Videos of this era often use 2-dimensional animation or very primitive 3D computer generated imagery to illustrate elements of the demonstration. While animation is usually used sparingly, some videos are fully animated (usually in 3D), such as ATA's circa-1994 safety video.

When videos of this time were captioned, it was usually only captioned in the language already being spoken on the audio track. Bilingual videos typically had the primary language's instructions repeated verbally immediately afterward, but almost never had the secondary language captioned.

Arguably, elements of the demonstration were either overexplained, underexplained, or poorly described during this time. For instance, TWA's safety video mentioned a "slight burning odor" when oxygen masks are in use. Most demonstrations were also lacking in their explanation of electronic device policies as portable electronic devices were only beginning to become a concern.

Videos were typically designated to a specific model of aircraft but shared certain assets between videos produced by the same airline, including film recorded on a completely different aircraft. This practice continues to the modern day, although it is variably less prevalent than during the 1980s and 1990s.

=== Late 1990s to present ===
By this point, airlines had found a refined format for their safety videos. Most videos, though produced differently, kept the same basic script with the same points.

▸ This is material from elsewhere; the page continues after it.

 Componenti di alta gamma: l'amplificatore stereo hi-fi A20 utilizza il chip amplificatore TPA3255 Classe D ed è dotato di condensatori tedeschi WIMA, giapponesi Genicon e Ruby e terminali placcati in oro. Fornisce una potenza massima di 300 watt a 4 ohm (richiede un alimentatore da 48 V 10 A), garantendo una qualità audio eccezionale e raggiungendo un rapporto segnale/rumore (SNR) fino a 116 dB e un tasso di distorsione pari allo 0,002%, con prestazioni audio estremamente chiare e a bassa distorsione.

For instance, the Delta Air Lines safety video from 2000 and 2001 quoted one of their early '90s videos almost verbatim for most of the runtime.

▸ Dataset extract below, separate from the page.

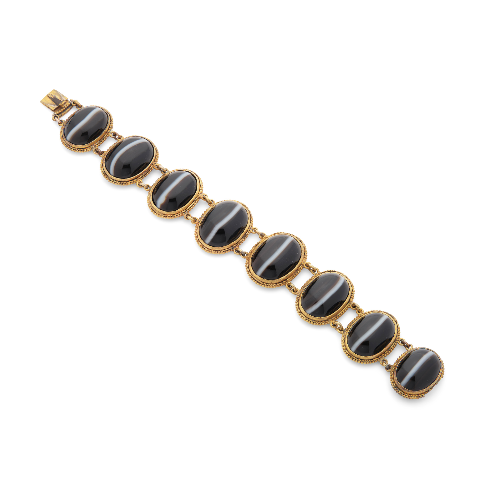 Each oval link set with a graduated cabochon banded agate, in a rope-twist border, unmarked
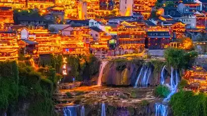 Arrive at the vibrant New Year atmosphere of Furong Town , known as the "Millennium Ancient Town Hanging on a Waterfall." With a history spanning over 2,000 years, it's one of the four great ancient towns in western Hunan. It boasts winding streets and alleys, Tujia stilt houses nestled by the water, and a five-mile-long street paved with bluestone. A small river flows along the town, cascading down a cliff as it joins the Youshui River, creating the spectacular Furong Waterfall.

Electronic device policies were also updated to include that cellular phones and other radio-based electronics are not permitted to be used at any time while other devices may be used in-flight but must be shut off for takeoff and landing. Briefings were changed in 2013 after the FAA allowed the usage of small portable electronic devices, as long as they aren't connected to cellular networks, throughout the duration of a flight and only larger ones have to be stowed during takeoff and landing.

== Effectiveness ==
Humor or deviation from standardization in safety briefings has drawn critique by some aviation experts. Research conducted at the University of New South Wales in Australia questions the effectiveness of these briefings in conveying key safety messages for passengers to recall and act upon in an emergency. In one study, a range of pre-recorded safety briefings were tested. One safety briefing contained humor, another was void of humor (said to reflect a standard style briefing), and another used a celebrity to sell the importance of the safety briefing and the messages contained within. Not long after being exposed to the briefing, individuals recalled approximately 50% of the key safety messages from the briefing featuring the celebrity, 45% from the briefing containing humor, and 32% from the briefing void of both a celebrity and humor. Two hours post exposure to the pre-flight safety briefings, recall decreased on average by 4% from the original levels across all conditions.